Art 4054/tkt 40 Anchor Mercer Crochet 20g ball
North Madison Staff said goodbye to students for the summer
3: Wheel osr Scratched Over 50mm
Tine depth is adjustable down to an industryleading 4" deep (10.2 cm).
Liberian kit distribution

========================================

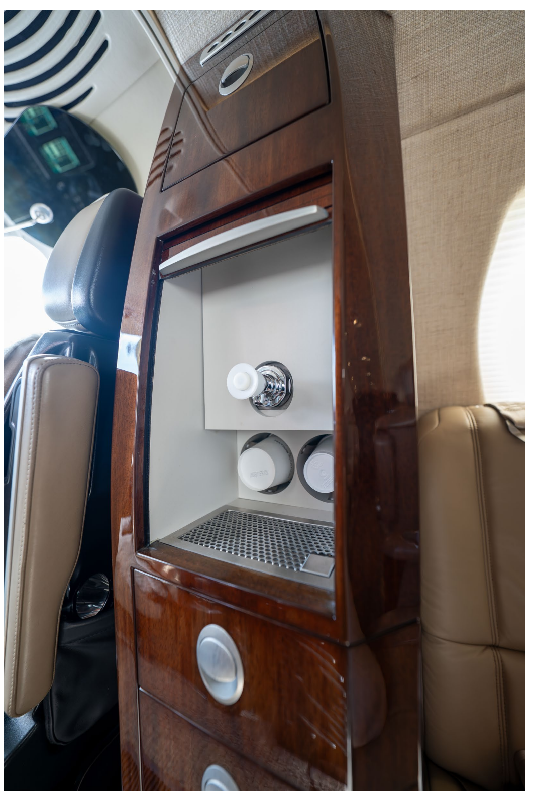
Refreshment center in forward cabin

========================================

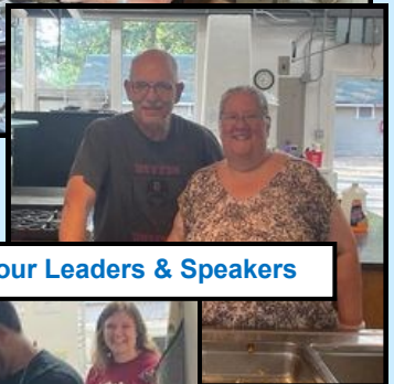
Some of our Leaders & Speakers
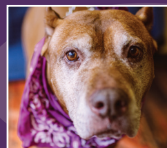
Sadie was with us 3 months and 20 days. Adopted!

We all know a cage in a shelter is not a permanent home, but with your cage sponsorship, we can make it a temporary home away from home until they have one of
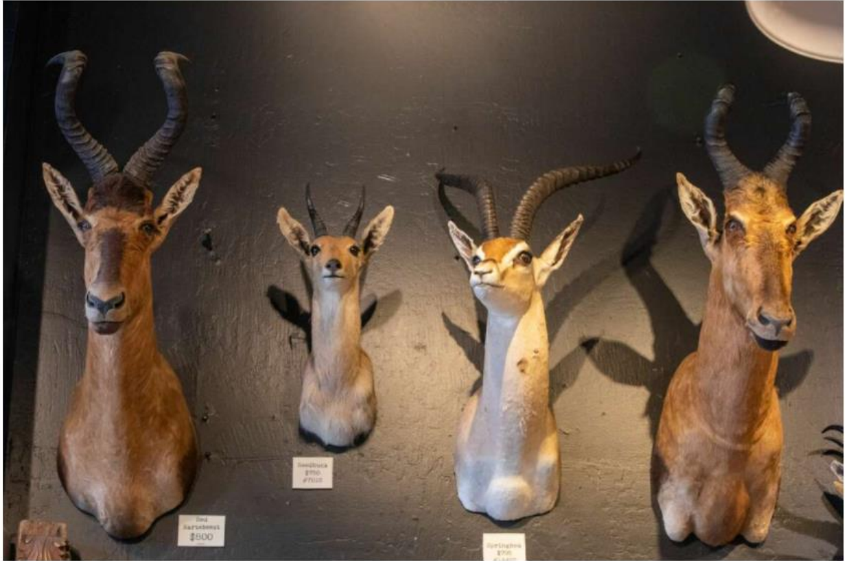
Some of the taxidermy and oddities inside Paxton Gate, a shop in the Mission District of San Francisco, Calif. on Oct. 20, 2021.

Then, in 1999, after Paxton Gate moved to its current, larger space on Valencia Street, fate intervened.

========================================

In the listing above, find the line containing "3: Wheel osr Scratched Over 50mm" and the line containing "Liberian kit distribution", then retype both and every line between them exactly, with nothing else.

3: Wheel osr Scratched Over 50mm
Tine depth is adjustable down to an industryleading 4" deep (10.2 cm).
Liberian kit distribution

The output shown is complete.